··· RECORD EXTRACTS ···

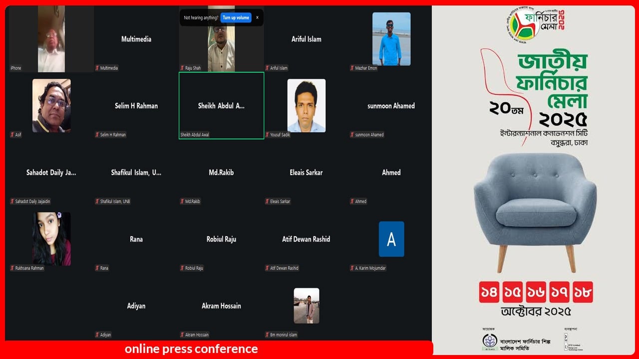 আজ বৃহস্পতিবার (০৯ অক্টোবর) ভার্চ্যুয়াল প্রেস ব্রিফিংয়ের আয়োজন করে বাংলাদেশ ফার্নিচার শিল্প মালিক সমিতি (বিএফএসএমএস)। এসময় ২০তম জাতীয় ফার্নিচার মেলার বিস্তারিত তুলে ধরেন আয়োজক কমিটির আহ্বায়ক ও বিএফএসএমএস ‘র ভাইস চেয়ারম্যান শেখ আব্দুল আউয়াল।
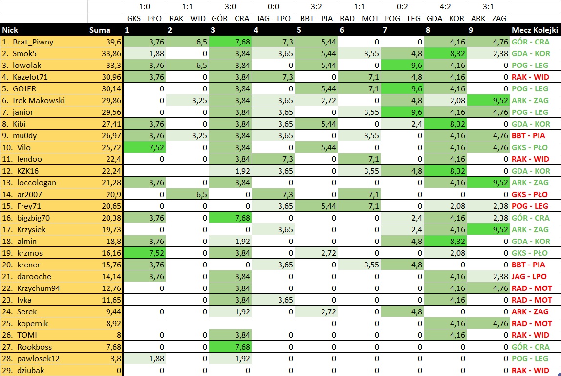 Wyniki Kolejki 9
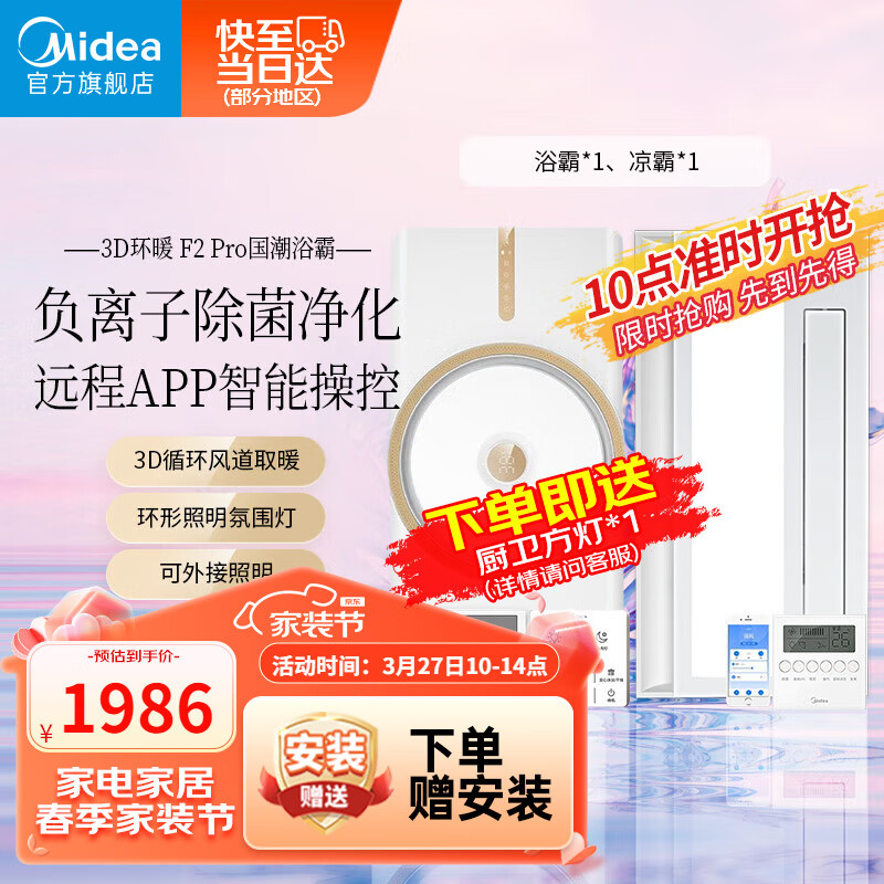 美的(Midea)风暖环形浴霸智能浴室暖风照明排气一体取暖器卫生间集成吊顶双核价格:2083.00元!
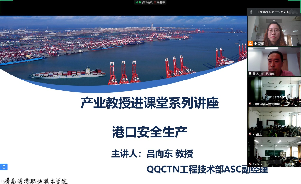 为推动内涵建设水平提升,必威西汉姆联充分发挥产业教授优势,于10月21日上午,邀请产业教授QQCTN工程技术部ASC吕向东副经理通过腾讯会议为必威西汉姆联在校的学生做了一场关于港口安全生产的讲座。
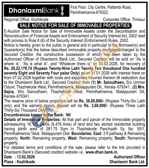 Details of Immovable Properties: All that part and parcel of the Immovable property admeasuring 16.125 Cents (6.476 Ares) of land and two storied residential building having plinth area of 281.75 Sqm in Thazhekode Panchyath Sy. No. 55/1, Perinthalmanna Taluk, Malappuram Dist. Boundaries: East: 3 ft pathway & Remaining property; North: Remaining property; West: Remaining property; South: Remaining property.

···

▶ [PROBLEM DETAILS]:
Once you find the line containing "Wyniki Kolejki 9", transcribe it and each line after it to the end of the records exactly, and leave out the pictures.

▶ [TASK RESPONSE]:
 Wyniki Kolejki 9
 美的(Midea)风暖环形浴霸智能浴室暖风照明排气一体取暖器卫生间集成吊顶双核价格:2083.00元!
 为推动内涵建设水平提升,必威西汉姆联充分发挥产业教授优势,于10月21日上午,邀请产业教授QQCTN工程技术部ASC吕向东副经理通过腾讯会议为必威西汉姆联在校的学生做了一场关于港口安全生产的讲座。
 Details of Immovable Properties: All that part and parcel of the Immovable property admeasuring 16.125 Cents (6.476 Ares) of land and two storied residential building having plinth area of 281.75 Sqm in Thazhekode Panchyath Sy. No. 55/1, Perinthalmanna Taluk, Malappuram Dist. Boundaries: East: 3 ft pathway & Remaining property; North: Remaining property; West: Remaining property; South: Remaining property.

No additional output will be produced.